Secretary is responsible for:

  • Keeping the Committee calendar and roster and advising the Committee of upcoming meetings and other Committee business. Communications can occur via e-mail or any other system deemed appropriate by the Secretary.
  • Assisting the Committee Chairman in the preparation of meeting agendas and transmitting approved agendas to Committee members.
  • Assisting the Chairman in carrying out his duties.
  • Handling the Committee’s correspondence both internal and external.
  • Timely preparation and distribution of minutes and other records of the Committee.
  • Reserving meeting rooms and making necessary arrangements for Committee meetings including teleconferencing if the members agree to meet in that manner.
  • Assuring that a minimum quorum of 2/3[two third] majority is maintained at meetings.

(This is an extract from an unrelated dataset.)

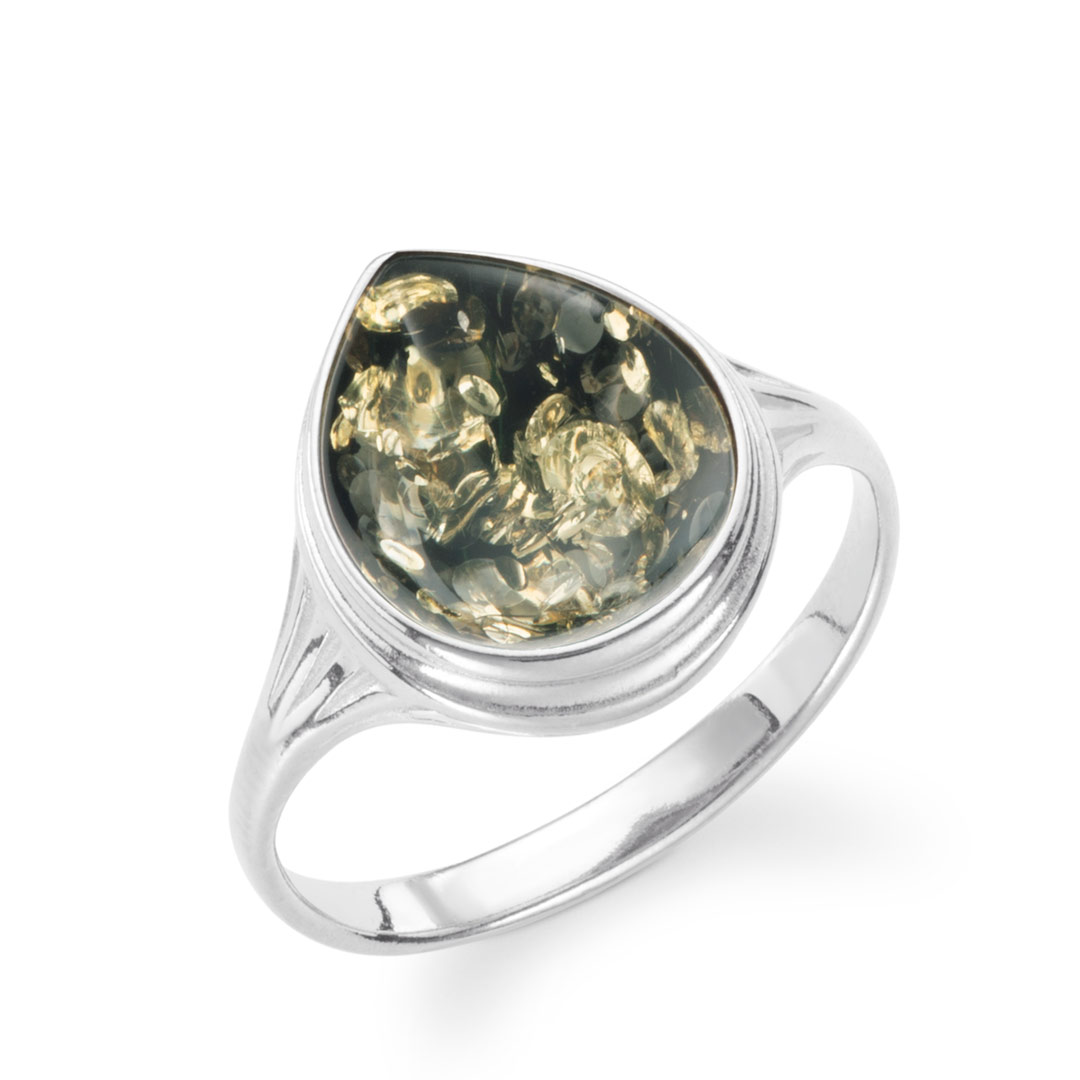 Ripples Aqua Dunes Teardrop Baltic Green Amber Ring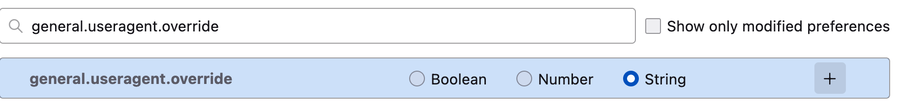 Search for general.useragent.override and select String.

If a quorum cannot be obtained, the Secretary shall inform the Chairman and other members and cancel and/or reschedule the meeting.
  • Advising and communicating with the Chairman and members on matters of particular interest to the Committee.
  • Assuring the Committee is aware of and is following the GPCA Antitrust/Competition Policy and assuring that the business of the Committee is conducted according to all other applicable legal guidelines of GPCA.

 

VIII. Sources of Funding

  • The committee can have its own budget and can also finance it activities from the following revenues:
    • The participation fees for seminars, workshops and conferences as may be determined by the Board;
    • Any sponsorship or funding and contributions paid by any of the committee Members;
    • Any funding and contribution paid by any other parties provided such funding is approved by the Board of Directors of GPCA.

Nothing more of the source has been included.